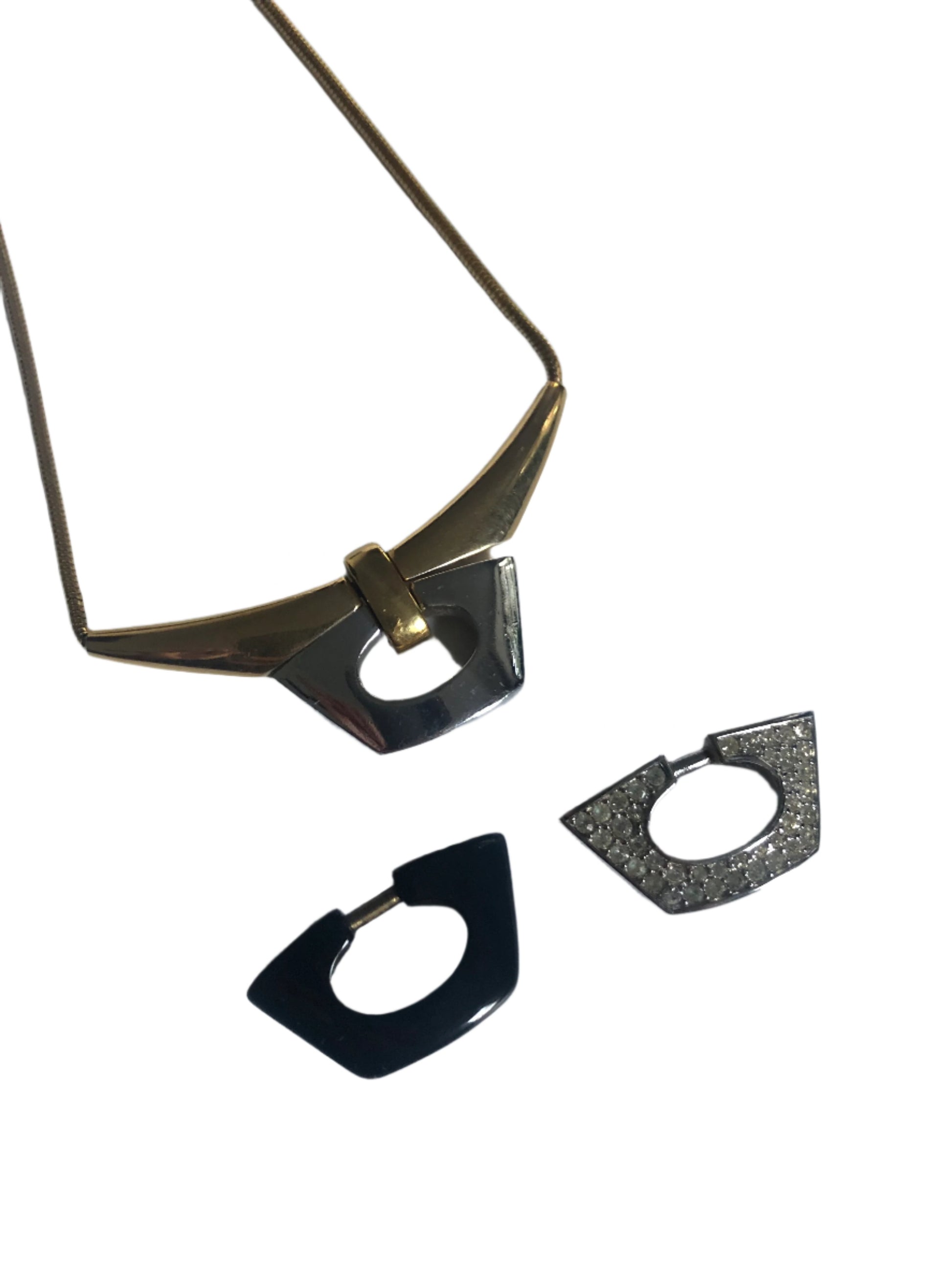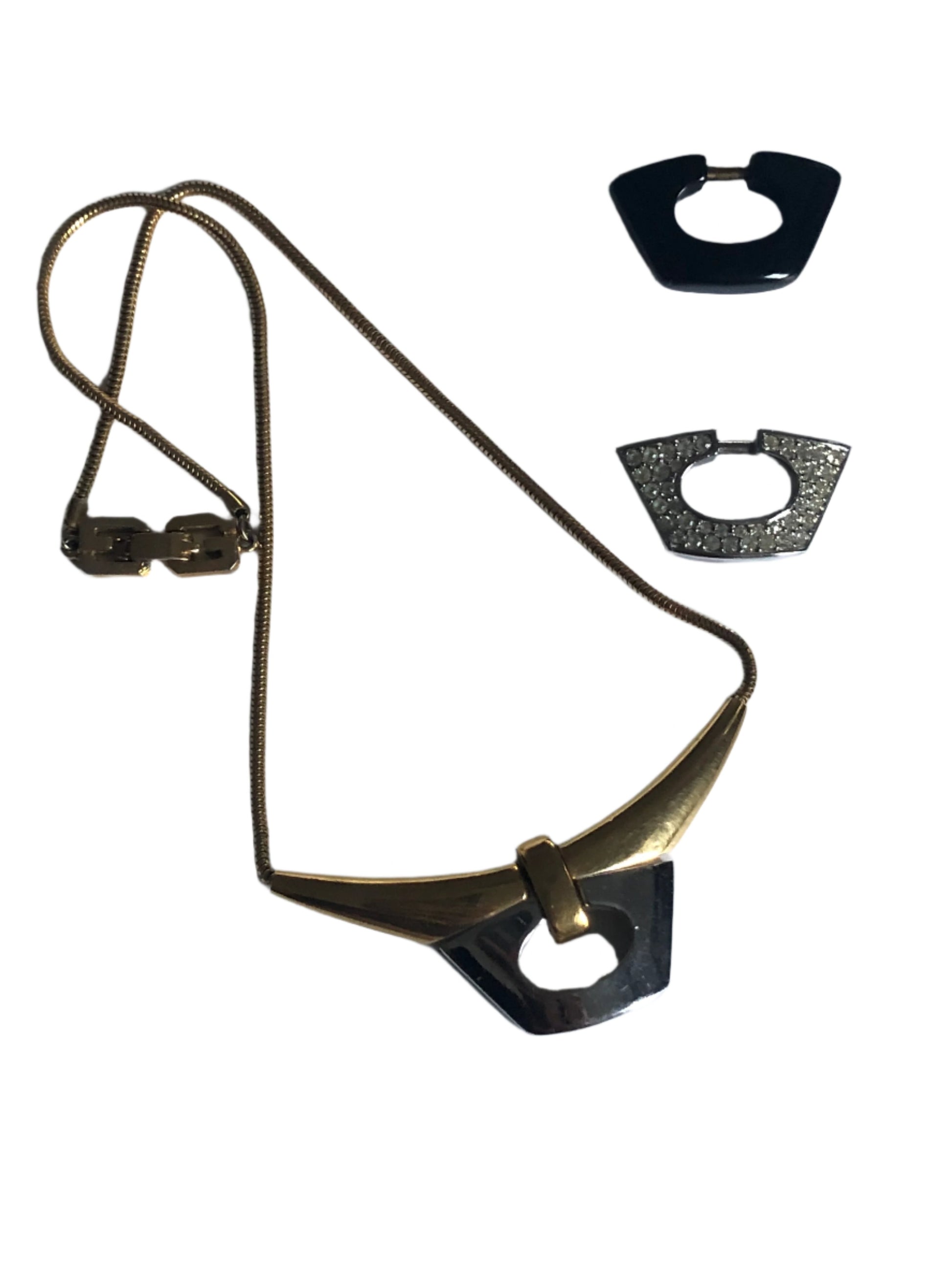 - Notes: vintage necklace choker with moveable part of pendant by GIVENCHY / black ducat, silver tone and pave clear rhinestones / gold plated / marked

---

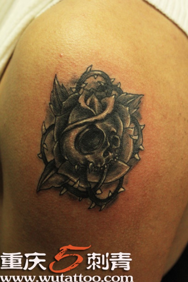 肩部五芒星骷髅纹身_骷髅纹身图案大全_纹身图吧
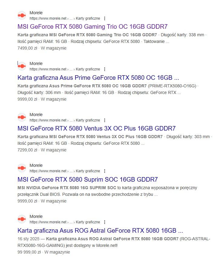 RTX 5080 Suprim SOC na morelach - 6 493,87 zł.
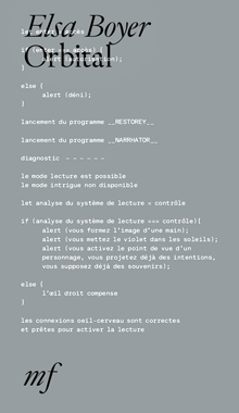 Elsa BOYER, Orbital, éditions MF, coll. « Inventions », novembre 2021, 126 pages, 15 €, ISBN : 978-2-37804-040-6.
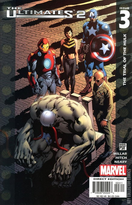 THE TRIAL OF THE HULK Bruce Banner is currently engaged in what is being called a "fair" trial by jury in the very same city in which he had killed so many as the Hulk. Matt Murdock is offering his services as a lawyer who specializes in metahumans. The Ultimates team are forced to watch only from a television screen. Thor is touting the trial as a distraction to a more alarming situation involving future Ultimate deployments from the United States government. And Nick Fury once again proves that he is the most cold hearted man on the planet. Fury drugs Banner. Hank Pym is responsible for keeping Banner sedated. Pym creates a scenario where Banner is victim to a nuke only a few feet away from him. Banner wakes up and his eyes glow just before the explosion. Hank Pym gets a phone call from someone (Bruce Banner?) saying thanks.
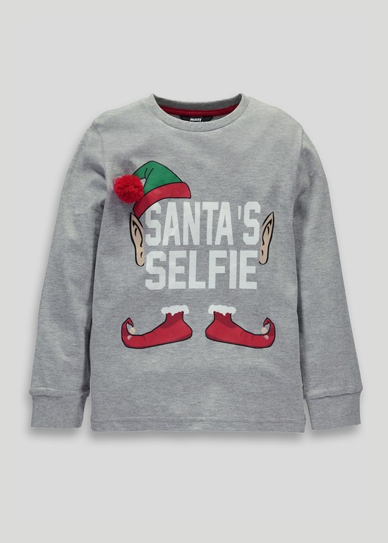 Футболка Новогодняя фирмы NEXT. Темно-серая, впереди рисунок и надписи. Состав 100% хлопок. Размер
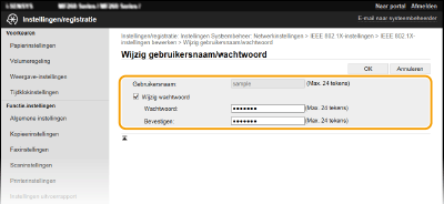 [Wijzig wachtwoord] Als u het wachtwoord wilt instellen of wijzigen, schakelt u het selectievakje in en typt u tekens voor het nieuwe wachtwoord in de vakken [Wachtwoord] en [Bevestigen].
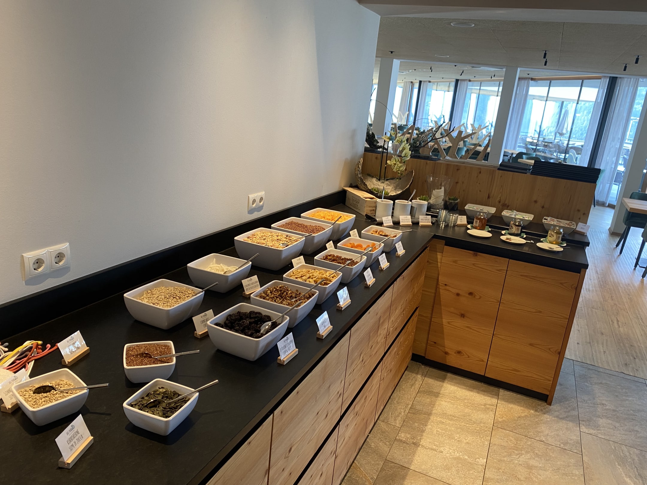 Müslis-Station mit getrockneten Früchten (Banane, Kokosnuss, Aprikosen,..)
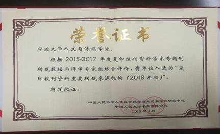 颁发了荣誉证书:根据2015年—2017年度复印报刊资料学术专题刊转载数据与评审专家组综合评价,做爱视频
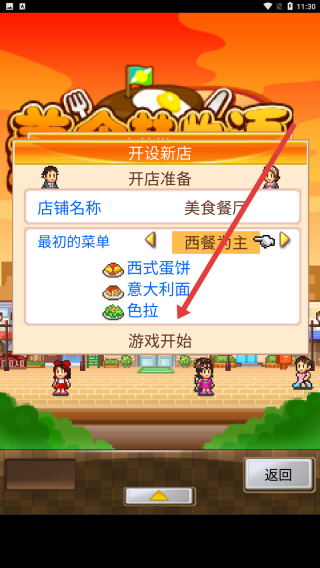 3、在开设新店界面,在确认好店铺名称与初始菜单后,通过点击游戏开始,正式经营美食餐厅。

==

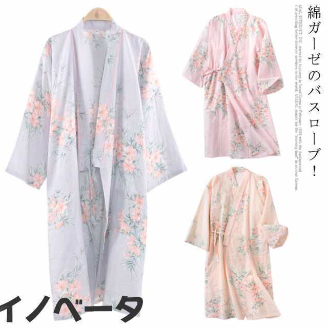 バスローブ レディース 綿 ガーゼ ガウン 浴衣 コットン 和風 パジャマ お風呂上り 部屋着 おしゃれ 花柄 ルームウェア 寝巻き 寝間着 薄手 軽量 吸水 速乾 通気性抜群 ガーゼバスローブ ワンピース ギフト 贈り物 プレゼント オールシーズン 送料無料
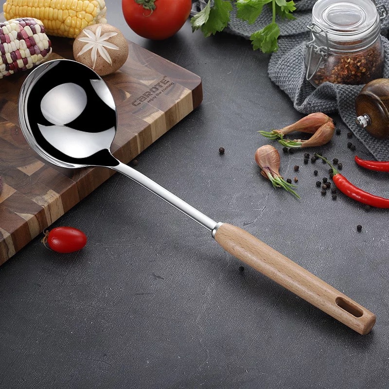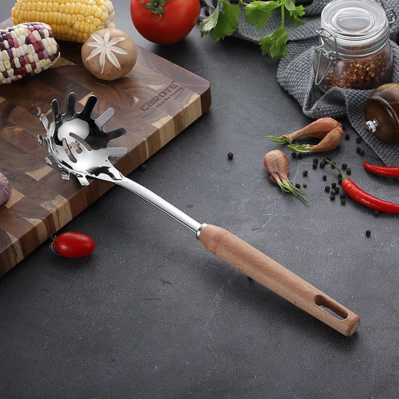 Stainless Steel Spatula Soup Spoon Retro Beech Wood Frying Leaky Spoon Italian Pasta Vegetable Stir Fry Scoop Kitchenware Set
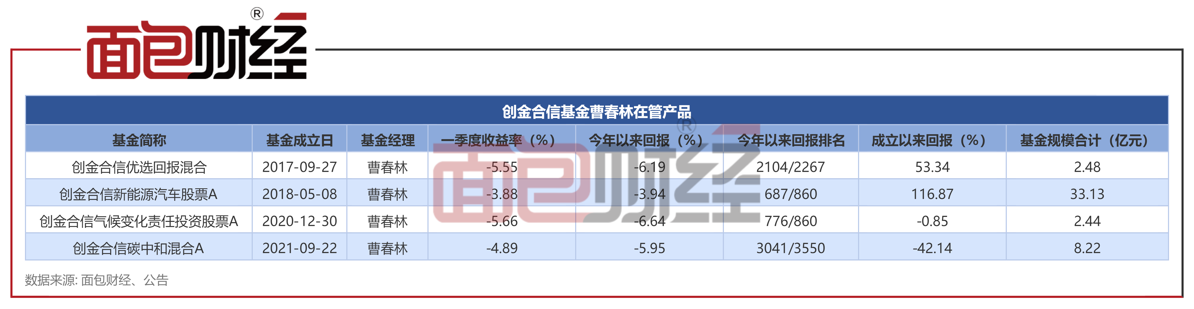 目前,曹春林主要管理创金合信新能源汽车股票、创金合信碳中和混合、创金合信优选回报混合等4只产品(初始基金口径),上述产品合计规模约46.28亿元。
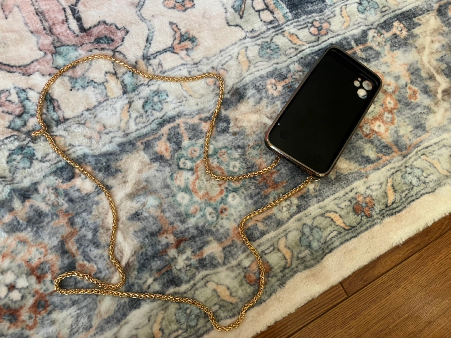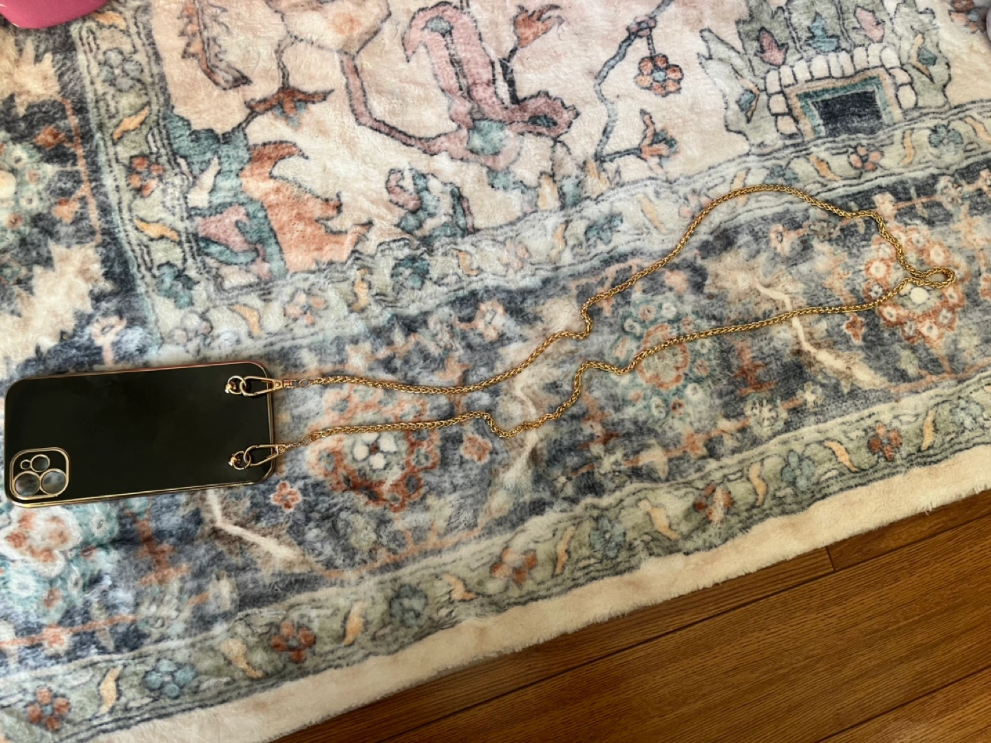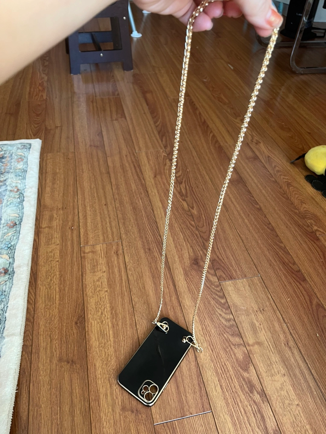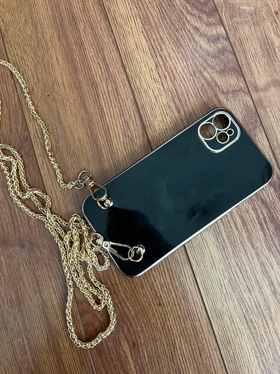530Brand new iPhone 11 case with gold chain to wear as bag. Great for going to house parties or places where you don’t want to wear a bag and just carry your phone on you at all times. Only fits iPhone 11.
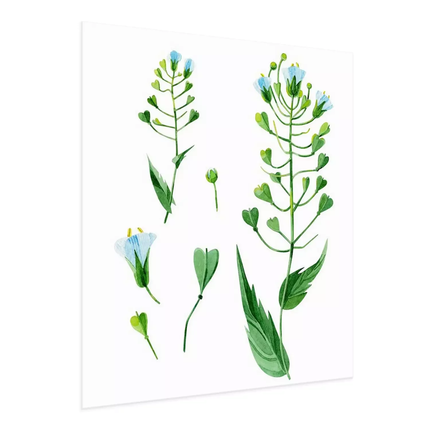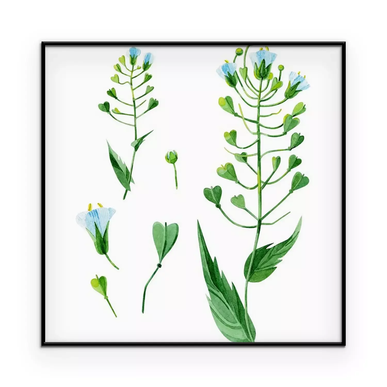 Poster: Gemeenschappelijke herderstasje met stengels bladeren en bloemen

_WHAT IS BEING ASKED_. With pictures omitted, repeat the entries above word for word from the line holding "Stainless Steel Spatula" down to the line holding "Poster: Gemeenschappelijke herderstasje", keeping both of those lines.

_REPLY_.
 Stainless Steel Spatula Soup Spoon Retro Beech Wood Frying Leaky Spoon Italian Pasta Vegetable Stir Fry Scoop Kitchenware Set
 目前,曹春林主要管理创金合信新能源汽车股票、创金合信碳中和混合、创金合信优选回报混合等4只产品(初始基金口径),上述产品合计规模约46.28亿元。
530Brand new iPhone 11 case with gold chain to wear as bag. Great for going to house parties or places where you don’t want to wear a bag and just carry your phone on you at all times. Only fits iPhone 11.
 Poster: Gemeenschappelijke herderstasje met stengels bladeren en bloemen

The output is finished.